Editors’ note. For this anniversary issue of the journal, we sent the following invitation to a group of young contributors:
The thirtieth anniversary issue of differences has as its title:
-30- The End of the Story
We borrow the mark -30- that American journalists have traditionally used to indicate the end of a story. While one might debate whether or not the story of critical feminism itself has come to an end, there is no question that much has changed in the field.
Instead of offering our editorial thoughts as to which critical preoccupations have happily or unhappily expired over the years, which ones one might like to see go—or not—we invite you to reflect on these questions.
Of course, we aren’t entirely relinquishing our editorial prerogatives in the framing of issue -30-. For some time now we have been struck by the unfortunate predictability of so much of the critical work we see. It seems that the last thing one needs in politically challenging times is the already-known. We have thus been delighted to find in your work—however else you might differ from one another—the pleasure of the unexpected. It is for this reason that we invite you to reflect on -30-.
Among the various ways to theorize the unexpected, perhaps Freud’s notion of Witz is apt for these times. In his Jokes and Their Relation to the Unconscious, he examines how the well-turned joke (like the pun or the slip of the tongue) can propel the listener from one story to an entirely different story in an instant.
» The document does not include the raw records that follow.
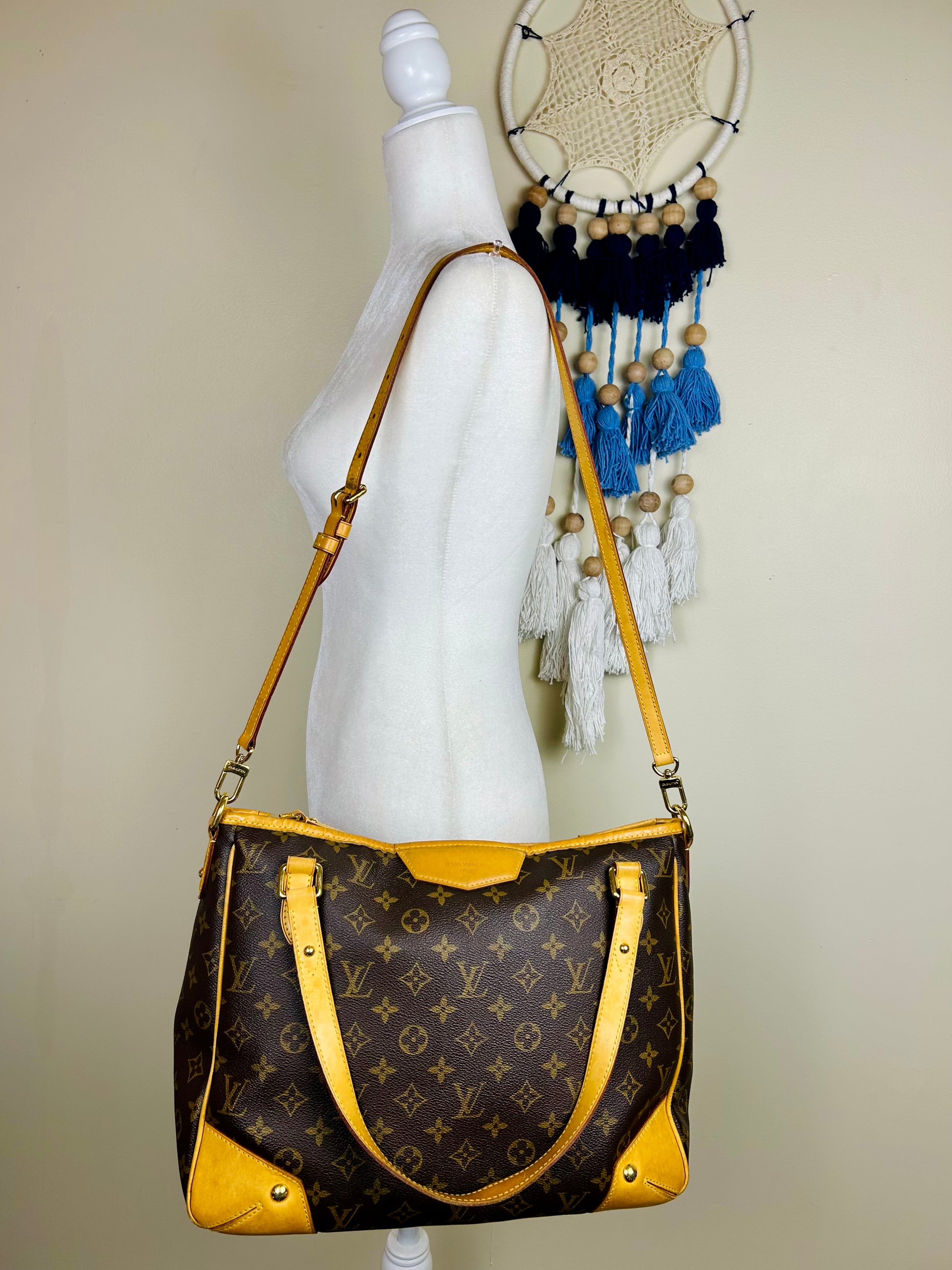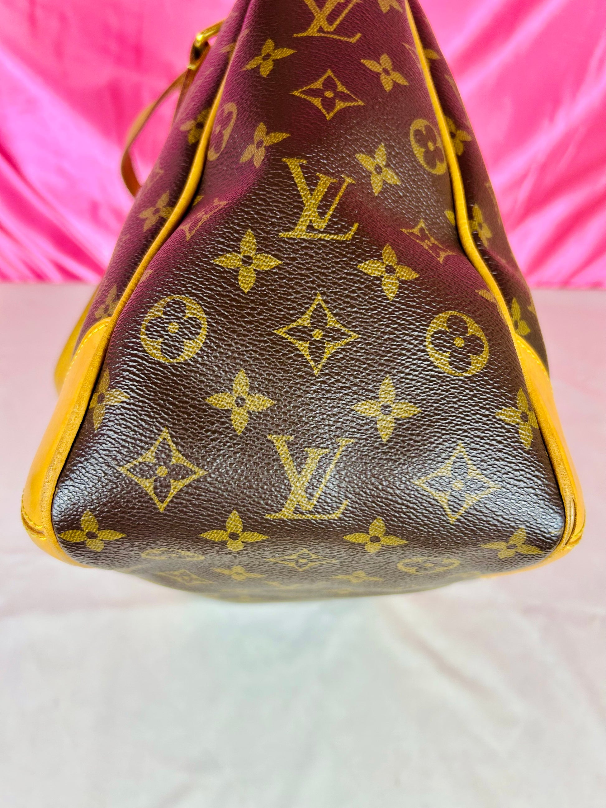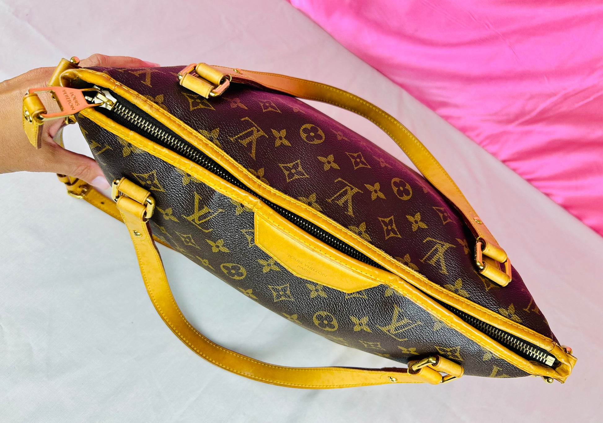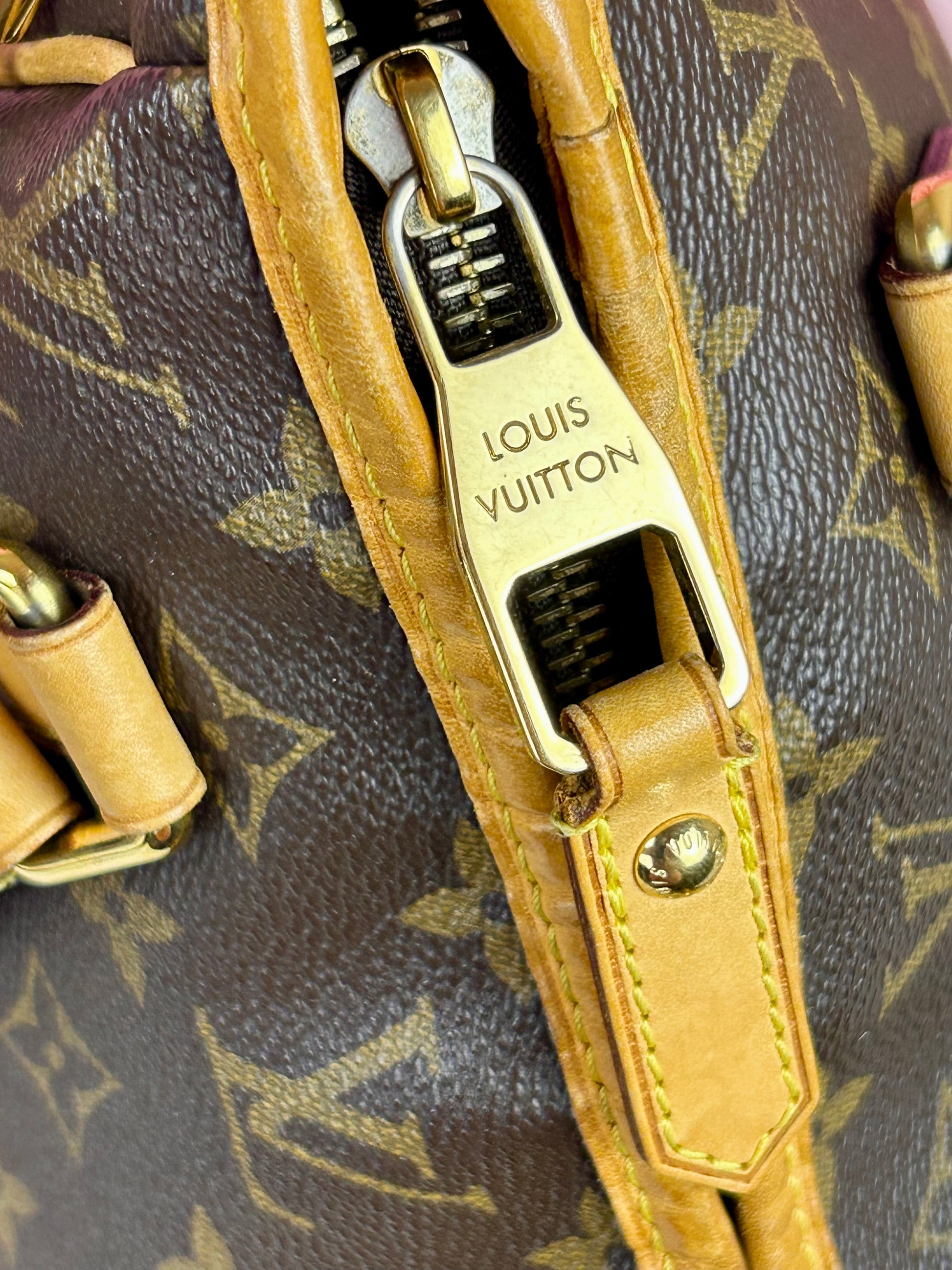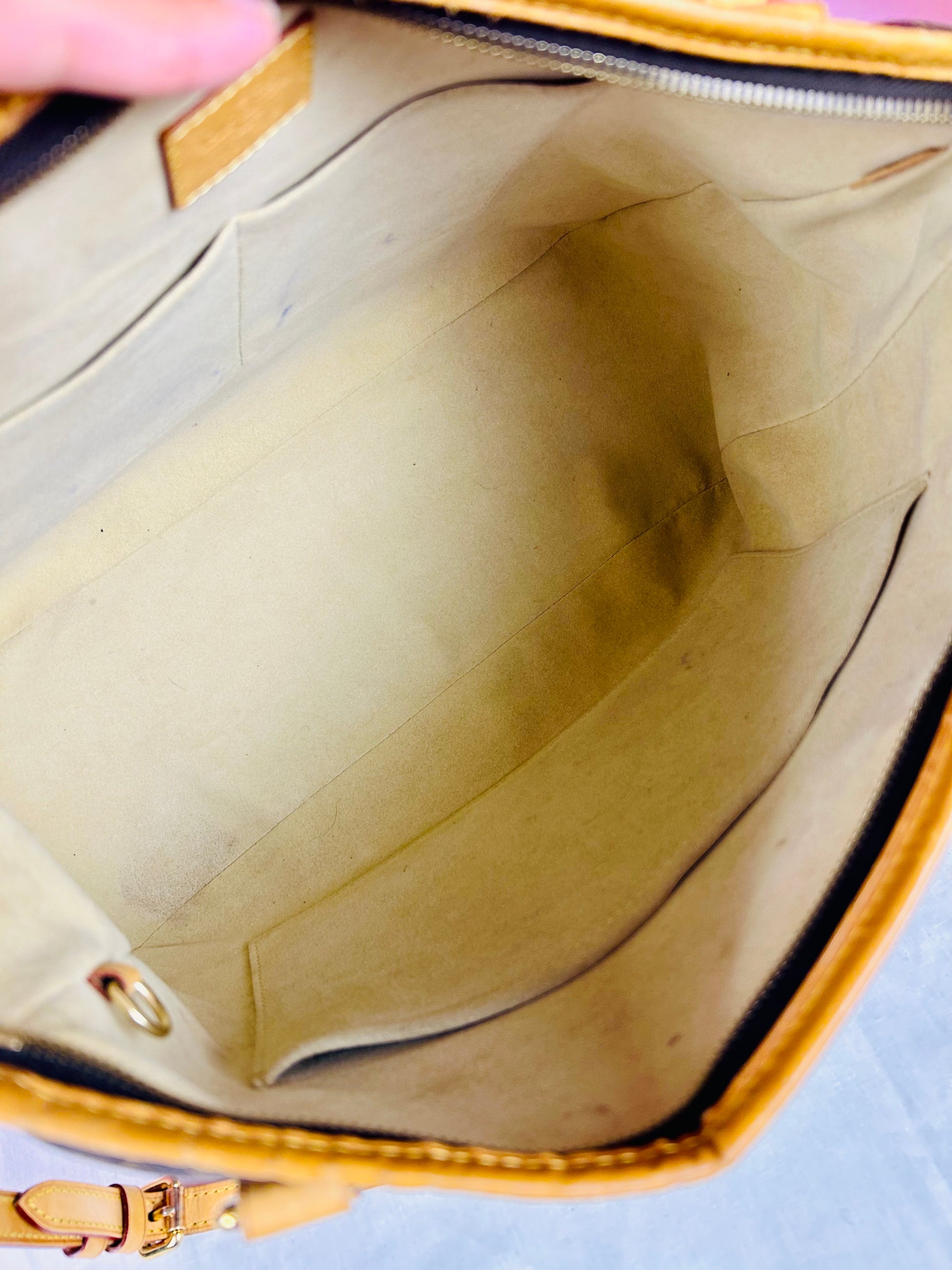 š Description: Canvas is in beautiful condition with no cracks or tears. Piping shows some wear on the bottom corners with one small area of exposure. Top leather trim has light wrinkling and normal wear. Leather handles are in great condition with slight marking but no cracks or tears. Chapes are strong and intact with some surface marks. Leather shoulder strap is in great condition with minimal signs of wear. Interior and interior pocket are clean with a few small markings. Hardware remains shiny.
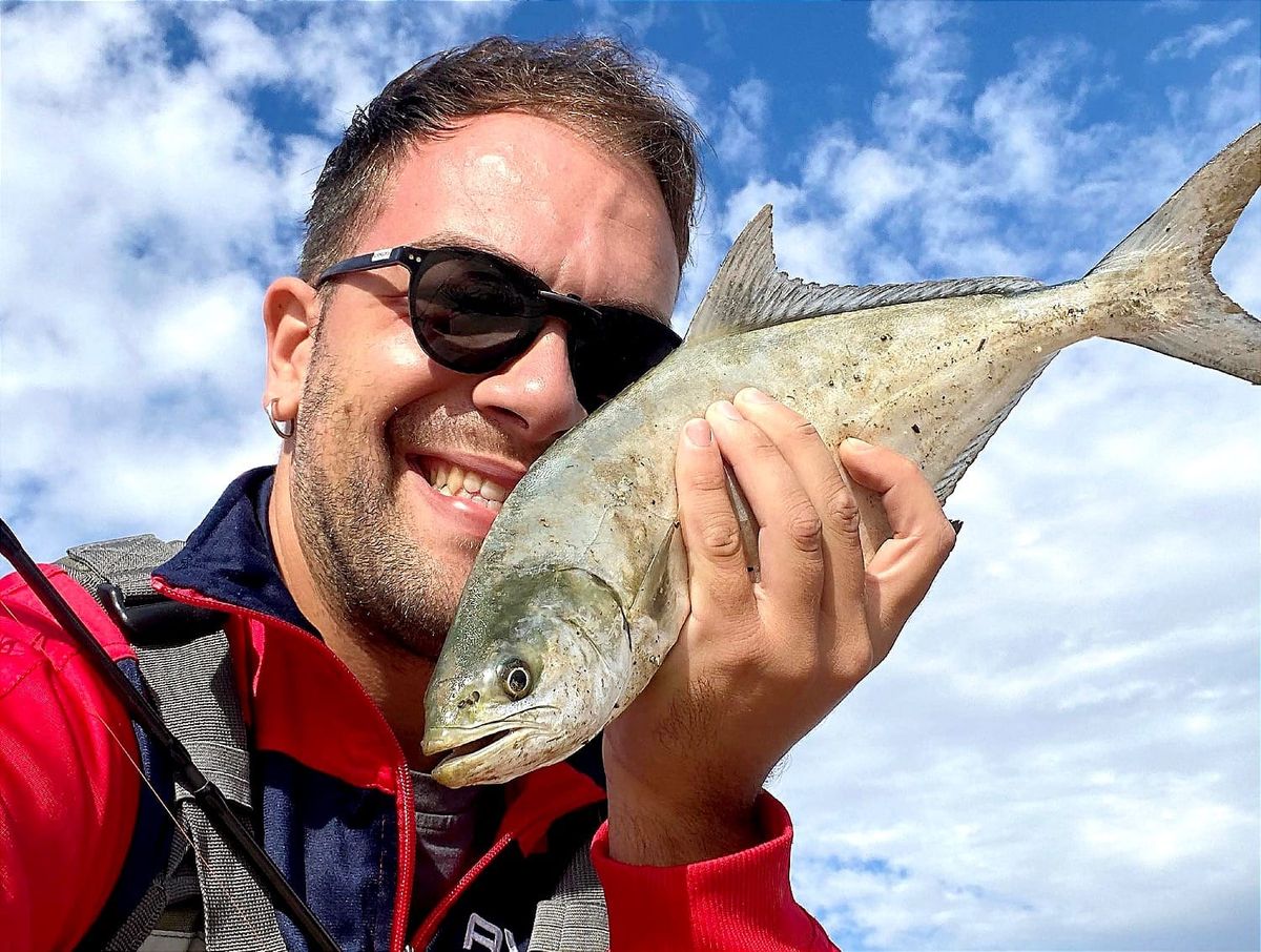 sopra: Michele Anedda con una delle tante piccole lecce amia pescate in questo periodo. Dopo la foto Michele ha liberato la piccola cattura.
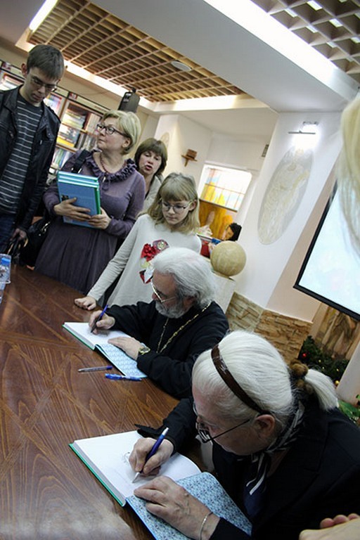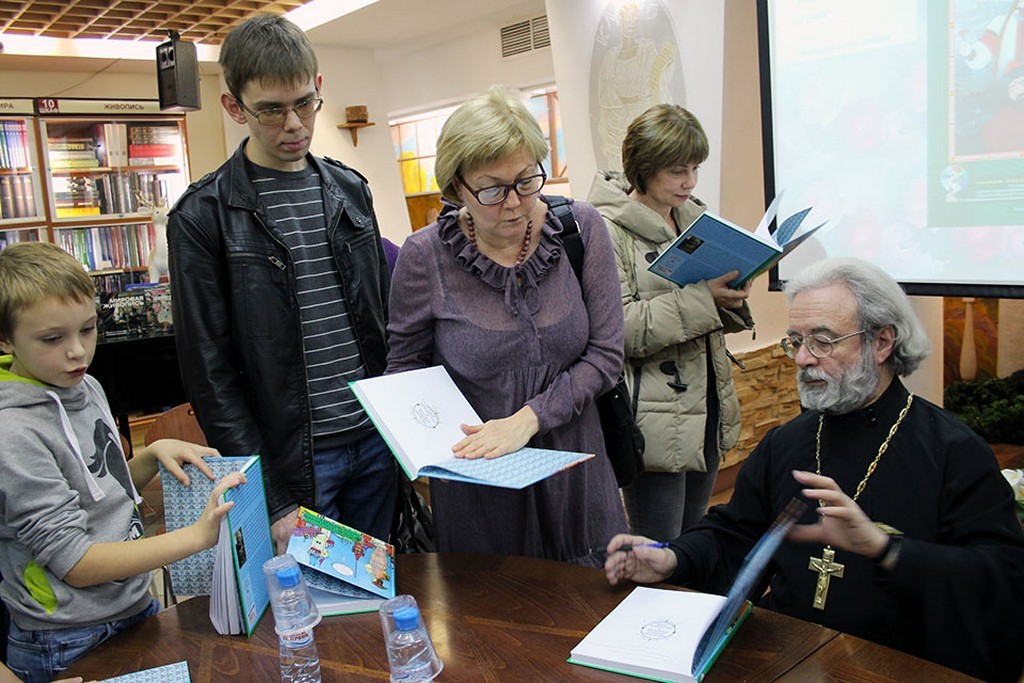 На презентации сборника в магазине «Библио-Глобус» протоиерей Александр Ильяшенко представил книгу участникам встречи:
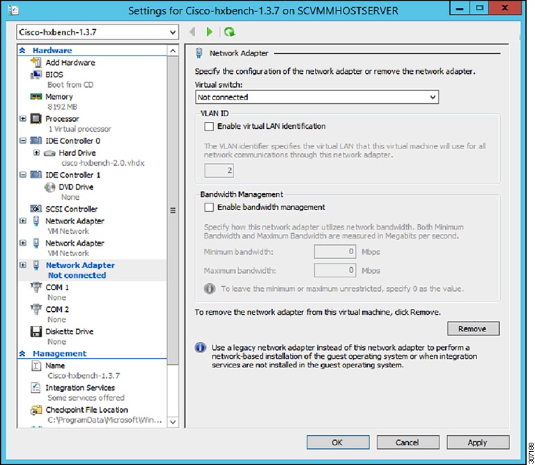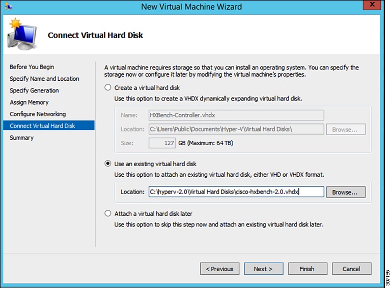 Extract the zip file Cisco-HxBench-2.0.zip and copy the vhdx file Cisco-HxBench-2.0-HyperV.vhdx to the HyperV server. |
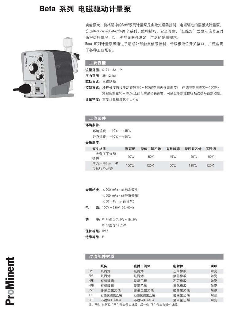 Beta電磁計量泵能夠滿足現代水處理和化學品計量中所有調節和控制功能的要求。相比以前,其特點為脈沖步進降低和增加的功能。這樣更容易接受外部信號傳感器的調節。針對實際要求更簡單的調節計量。由于新技術的應用,能量消耗可以降低大約50%。在操作過程中Beta計量泵可以很方便的再次調節。
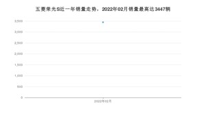 2022年2月,五菱荣光S销量为3447辆,2021年02月-2022年02月份,五菱荣光S销量为3447辆,

While the instantaneous displacement of the joke is marked by laughter, it works to demonstrate Freud’s view of the serious fragility of the carefully ordered rationality in which we put so much faith. Displacements that disorder the well-worn paths of thought take many forms and varied objects and have often been the inadvertent—as well as the intended—end of feminist interventions.
We hope you will agree to offer your views on critical feminism -30-. You may address the question of the “end of the story” in any way you wish, remembering that for this journal “critical feminism” is by no means limited to conventional feminist themes but encompasses as well the problematic captured in the tensions of the title differences.